If there can be done guaranteed improvements to your DBs performance based on static analysis of the config-alone, why on earth is that not the standard config? That seems like a no-brainer.
The SQL Server tuning advisor has historically been terrible for any database of any complexity at all. It imposes an enormous load, and the results are usually contradictory and often very sub-optimal if not detrimental. Works great for a hello world style database, though.
There was a post earlier (https://news.ycombinator.com/item?id=19422554) that I assume inspired this post and it was someone who benefited by correcting the DBMS' very wrong assumptions about the cost of random IO, and this was always the Achilles heel of SQL Server as well with any sort of fast storage -- it absolutely refused to accept that anything could be faster than about 150 IOPS, and would try to brute force through with terrible approaches. In this case the guy could just change the configuration and it would properly calculate query plan costs and execute accordingly, where SQL Server, to my knowledge, still doesn't let you change this costing, nor does it dynamically determine it.
In the mysql world, mysqltuner has been kicking around for more than a decade now that spits out suggested configuration changes. I haven't had a need to use it in several years though https://github.com/major/MySQLTuner-perl
There are just so many dials and switches that can be changed that can modify the performance of the database, it really has to be moving far beyond anything any one individual could possibly grok.
Standard config and actual use are very different things. The first one implies adequate performance for most use cases, while actual use implies adequate performance considering current use case.

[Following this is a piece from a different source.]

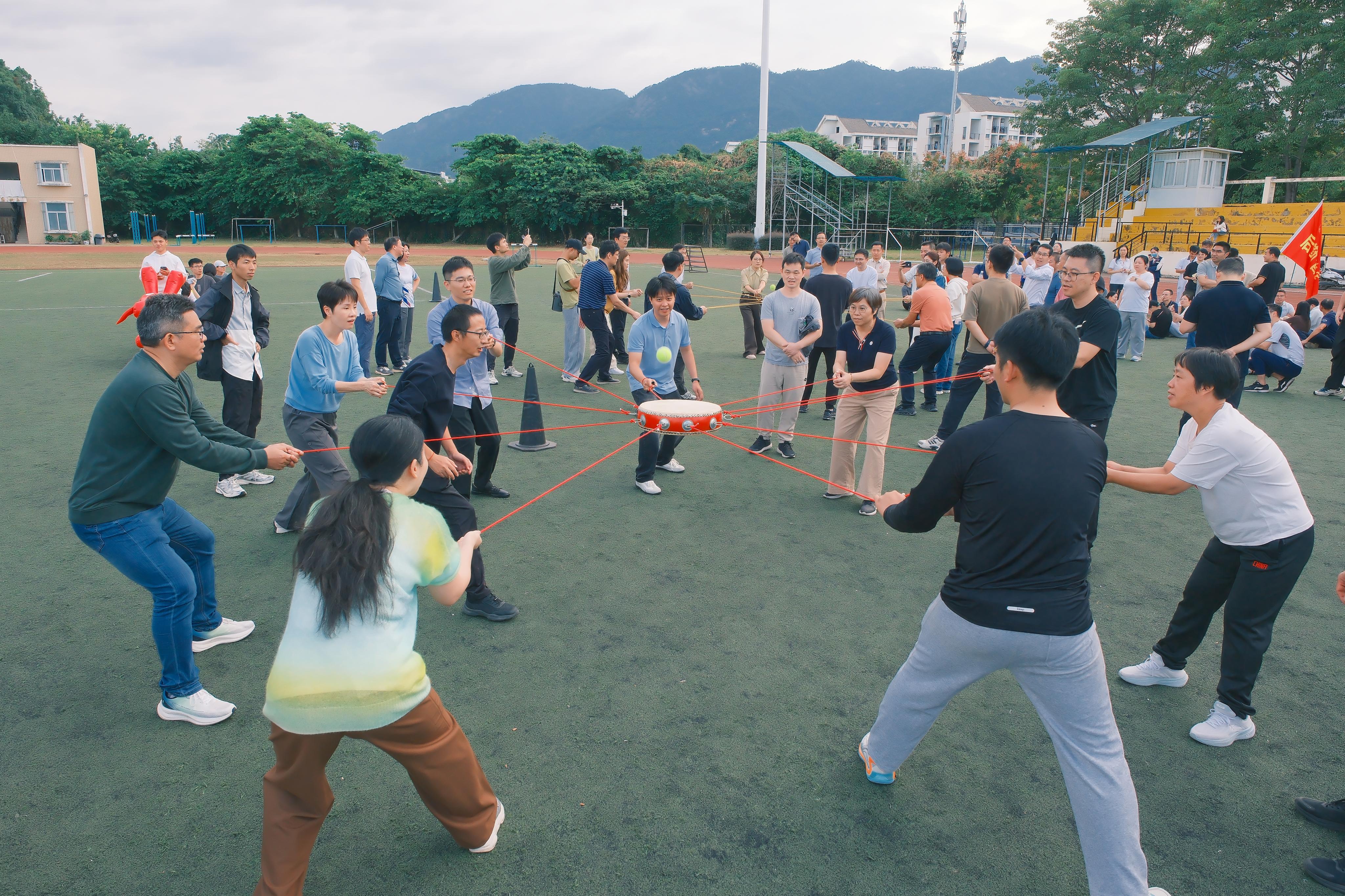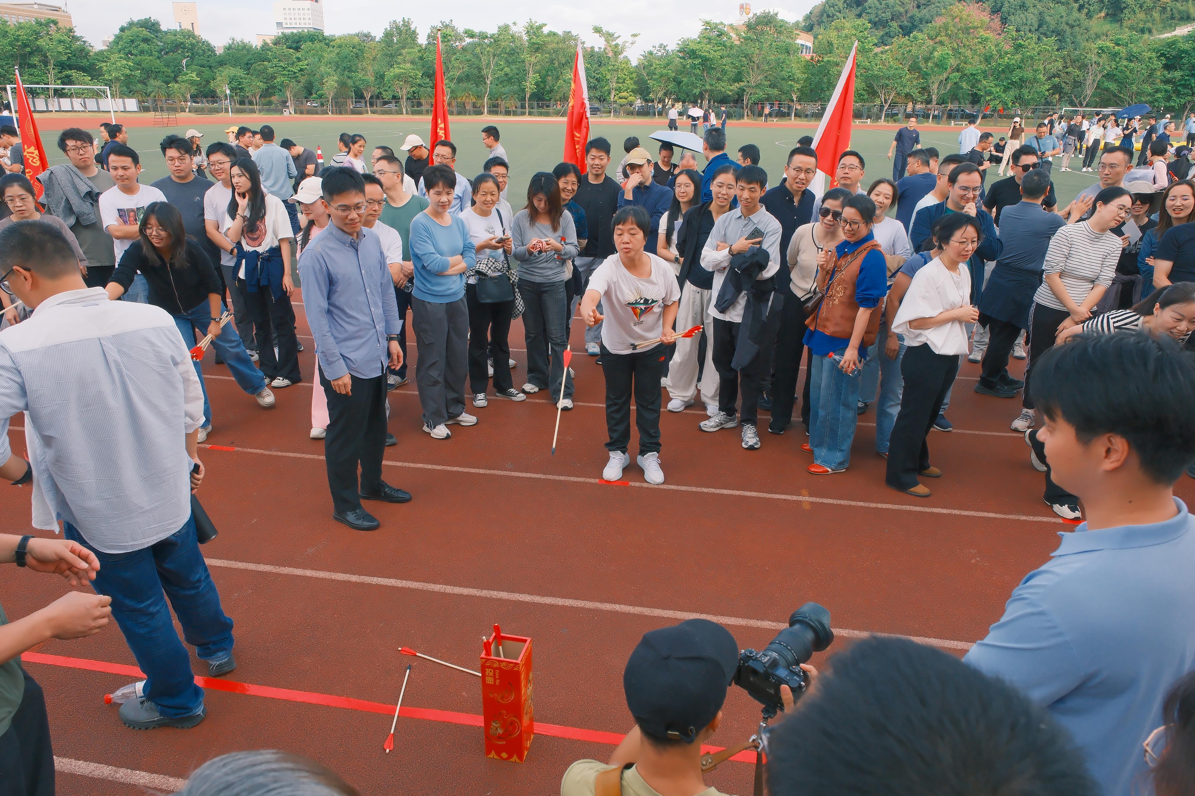 教职工们先后参加了投壶比赛、同心击鼓、提绳踏板和龙行天下四个项目。在投壶比赛中,队员们全神贯注,精准投掷;同心击鼓项目则需要高度默契,杏吧传媒

This tool seems to be analyzing current use case.
PG tune is the standard pretty much, not sure about this new tool. In case you're not familiar with PG tuning... Here's the TL/DR, don't even think about going into production without running PG tune. The default postgres settings are not optimized, assuming you have any decent load on the system this will be a problem.
The real odd thing here is that `work_mem` (and to a lesser degree `maintenance_work_mem`) is still low enough out of the box that a script got written to highlight that it's too low. Increasing it is the first step one probably ought to look into when installing Postgres.
Huge numbers of postgres installations are on small machines and/or machines shared with other software. And whether you want a large work_mem hugely depends on whether you want to run an OLTP workload with a few hundred connections, or an analytics workload with like 2. It ain't as simple as you paint it.
Love this idea, but is this better done as part of, say, an existing linting framework? (update: oops, I thought this was about reading from your pg configuration file, not the live DB)
You could make use of things like IDE syntax highlighting, and in some cases, auto-fixing.
Glad to see they have a way to run it with docker, because I have too many bad memories of missing perl modules when trying to run perl scripts in the early 2000s (but that also tells you how outdated I am from perl-world)
There is something to be said for simpler B-Tree style databases like MySQL that are harder to screw up!
Also perhaps there could be an optional mode for Postgres that did something to the effect of immediate vacuuming for all modification statements. Collecting garbage as soon as its made. At the cost of slower statements, but no long term degradation. More predictable performance.